Creating this sense of curiosity isn’t always easy when you’re dealing with a show that’s already been around quite a while. The parallel here is perhaps with ad agencies trying to reinvent a familiar brand and give it a new twist, but time pressures, budgetary restrictions and copyright issues can often be more intense in the world of TV trailers.
“We’re still waiting for a 72-hour day,” Denti jokes, “but we always try to do the best we can. When you’re thinking of ideas, you always need time to work in teams because, in my view, the best ideas always have more than one parent. When the time scales get too tight and people don’t have the opportunity to work together, it can be very frustrating.
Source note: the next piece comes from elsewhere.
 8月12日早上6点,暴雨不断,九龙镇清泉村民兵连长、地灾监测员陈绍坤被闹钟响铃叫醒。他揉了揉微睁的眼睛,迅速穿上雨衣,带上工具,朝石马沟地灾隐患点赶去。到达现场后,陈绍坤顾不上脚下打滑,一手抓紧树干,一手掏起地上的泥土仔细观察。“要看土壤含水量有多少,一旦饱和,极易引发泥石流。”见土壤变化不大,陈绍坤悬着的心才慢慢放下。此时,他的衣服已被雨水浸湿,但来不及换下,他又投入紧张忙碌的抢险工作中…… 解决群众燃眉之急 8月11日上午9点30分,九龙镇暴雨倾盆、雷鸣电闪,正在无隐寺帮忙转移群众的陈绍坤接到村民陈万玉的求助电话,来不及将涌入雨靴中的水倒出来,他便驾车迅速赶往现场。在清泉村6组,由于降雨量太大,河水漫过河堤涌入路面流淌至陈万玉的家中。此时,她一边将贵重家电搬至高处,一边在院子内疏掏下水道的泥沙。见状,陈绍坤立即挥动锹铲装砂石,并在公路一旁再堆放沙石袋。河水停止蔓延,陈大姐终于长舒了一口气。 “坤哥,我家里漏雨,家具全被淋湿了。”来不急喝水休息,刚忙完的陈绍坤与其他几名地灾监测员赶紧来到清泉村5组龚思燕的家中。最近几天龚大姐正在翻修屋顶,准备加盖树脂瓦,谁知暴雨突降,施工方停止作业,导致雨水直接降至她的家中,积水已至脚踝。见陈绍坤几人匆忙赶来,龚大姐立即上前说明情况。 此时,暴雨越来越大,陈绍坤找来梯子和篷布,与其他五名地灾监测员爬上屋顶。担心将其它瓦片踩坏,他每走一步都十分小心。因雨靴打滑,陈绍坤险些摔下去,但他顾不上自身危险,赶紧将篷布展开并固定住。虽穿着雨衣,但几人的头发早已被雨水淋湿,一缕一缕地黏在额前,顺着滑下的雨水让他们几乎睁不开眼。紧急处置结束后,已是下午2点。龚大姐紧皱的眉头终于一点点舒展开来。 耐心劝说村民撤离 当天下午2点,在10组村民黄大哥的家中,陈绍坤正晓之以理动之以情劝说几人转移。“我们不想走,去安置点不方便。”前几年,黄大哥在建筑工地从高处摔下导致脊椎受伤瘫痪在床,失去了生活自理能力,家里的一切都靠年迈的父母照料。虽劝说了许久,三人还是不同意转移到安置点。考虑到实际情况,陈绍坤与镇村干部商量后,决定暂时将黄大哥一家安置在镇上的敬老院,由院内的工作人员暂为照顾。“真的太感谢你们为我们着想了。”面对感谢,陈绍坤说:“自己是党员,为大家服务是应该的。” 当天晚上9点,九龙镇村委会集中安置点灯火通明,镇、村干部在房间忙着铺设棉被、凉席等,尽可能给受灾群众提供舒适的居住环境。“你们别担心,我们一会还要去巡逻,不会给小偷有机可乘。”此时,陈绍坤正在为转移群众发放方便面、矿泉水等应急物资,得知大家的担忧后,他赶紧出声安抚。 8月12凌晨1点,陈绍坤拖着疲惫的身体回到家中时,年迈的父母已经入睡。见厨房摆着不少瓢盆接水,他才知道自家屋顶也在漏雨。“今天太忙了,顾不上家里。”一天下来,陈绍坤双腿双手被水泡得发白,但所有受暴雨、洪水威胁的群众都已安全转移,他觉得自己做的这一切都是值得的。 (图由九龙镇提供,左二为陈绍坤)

The danger is that the creative solutions are less powerful and innovative.”
Denti is particularly proud of her work for the MTV Gold Rock Legends strand, as she was able to apply a creative solution to what she felt was a pretty tough and predictable brief. With little money to play with and legal red tape meaning that she couldn’t feature actual video footage of musical artists for promotional purposes, she produced a visually striking piece in which the ‘legends’ were transformed into the kings of a card pack. It’s the kind of clever side-step and lateral thinking that’s often needed in her line of work.
But what about the challenges of working across Europe for multinational audiences? International marketing communications is a notoriously perilous business. Could it be that brands such as MTV transcend national boundaries?
“We live in a very connected world,” agrees Denti, “but the tastes and habits of MTV viewers are still very different, so the main challenge is always to create products that have a quality and an international effectiveness and, at the same time, give that wink to the local flavour.”